Sin ser arquitecto y sin planos, durante 25 años se dedicó a levantar casas, abrir calles y armar puentes utilizando materiales de edificios antiguos a punto de ser demolidos o refaccionados (como Galerías Pacífico, por citar uno conocido). A todos les dio una nueva forma, muy personal. Así, hay techos hechos con puertas o pisos de tejas, o todo un salón construido en torno a caireles recuperados. El resultado es una aldea medieval de estilo ecléctico, conformada por 12 “casitas del bosque”, levantadas en un predio de 200 hectáreas que cuenta con fuentes, lagos, puentes, un molino de viento holandés y una capilla.

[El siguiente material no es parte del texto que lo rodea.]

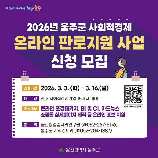 [파이낸셜경제=김예빈 기자] 울산 울주군이 3일부터 오는 16일까지 ‘2026년 울주군 사회적경제 온라인 판로 지원사업’에 참여할 기업을 모집한다고 밝혔다.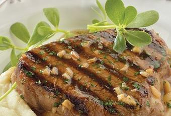 4. Para llevar a la mesa, coloca una cama de puré de papa y sobre ella la carne. Adorna con las hojas de verdolaga.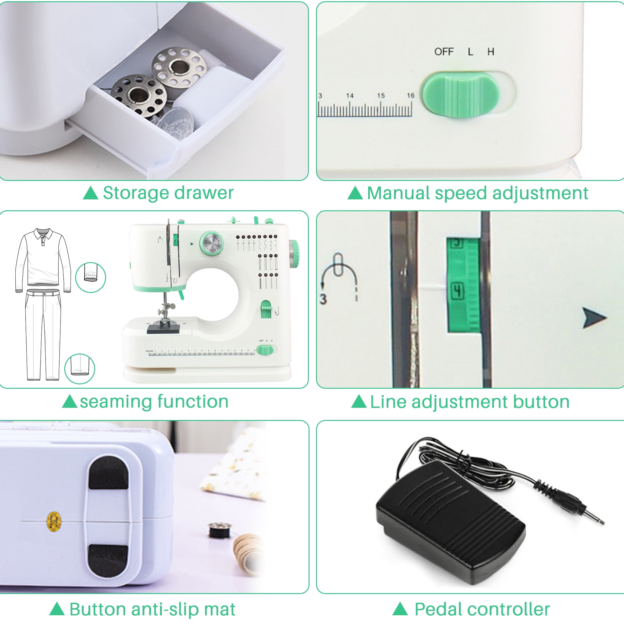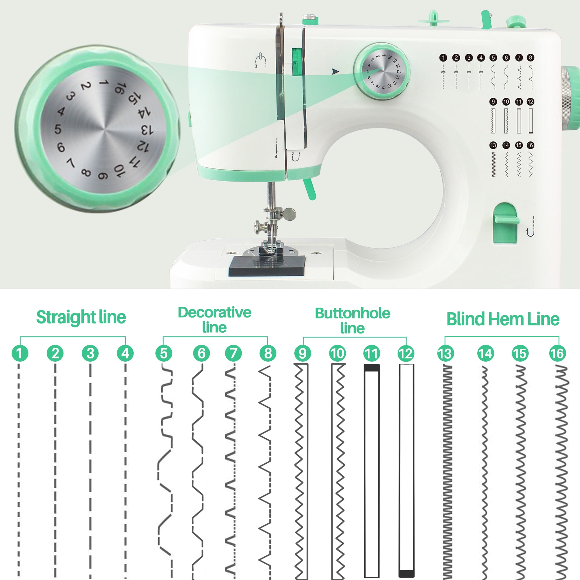 16 KIND OF STITCHES AND REVERSE STITCHING: Stitch options are clearly displayed on the Stitch Selector Dials, just turn the dial to select your stitch. ELECTRIC SEWING MACHINE:Supports AC/DC power supply or battery power supply (wireless), easy to turn on with a button or foot pedal (included) AUTOMATIC FOUR-STEP BUTTONHOLE:Just place the button in the buttonhole foot and the machine sews a buttonhole perfectly sized for that button, delivering consistent results every time. INCLUDED ACCESSORIES:We provide a useful sewing accessory kit which includes bobbins (28pcs), needles (10pcs), scissors, threader, tape measure, seam ripper, thimble. Additionally, a storage bag is included. DUAL POWER AND DUAL SWITCH: BCOOSS sewing machine can be controlled by foot switch and button switch, whether you are a beginner or a sewing enthusiast, you can easily operate it, AC adapter and 4 AA batteries two power modes, battery mode is suitable for you to use when going out, remember not to use two power modes at the same time, otherwise the motor will be damaged. PRECAUTIONS FOR USE OF SEWING MACHINE1.There is a piece of cloth on the machine of this product. It is used by the factory for testing. It is not a used product 2.Incorrect operation will cause jamming or broken needles, please watch the video carefully and read the instructions before use.3.If you have any questions, please feel free to contact us.

Este año, el parque temático que alberga varios museos celebra su 35º aniversario. Tras la muerte de Antonio, el predio comenzó tímidamente a ser escenario de eventos y bodas, para luego convertirse en locación para la filmación de comerciales y, finalmente, ser abierto al público. “Mi papá nunca se quedó a dormir en el lugar –recuerda Oscar Campana, de 50 años, hijo menor de Antonio–. Vivíamos en Caballito, y él salía de casa todos los días a las 6 para ir a Campanópolis y volvía a las 7 y media de la tarde. Se volvió fanático, era como su escape”.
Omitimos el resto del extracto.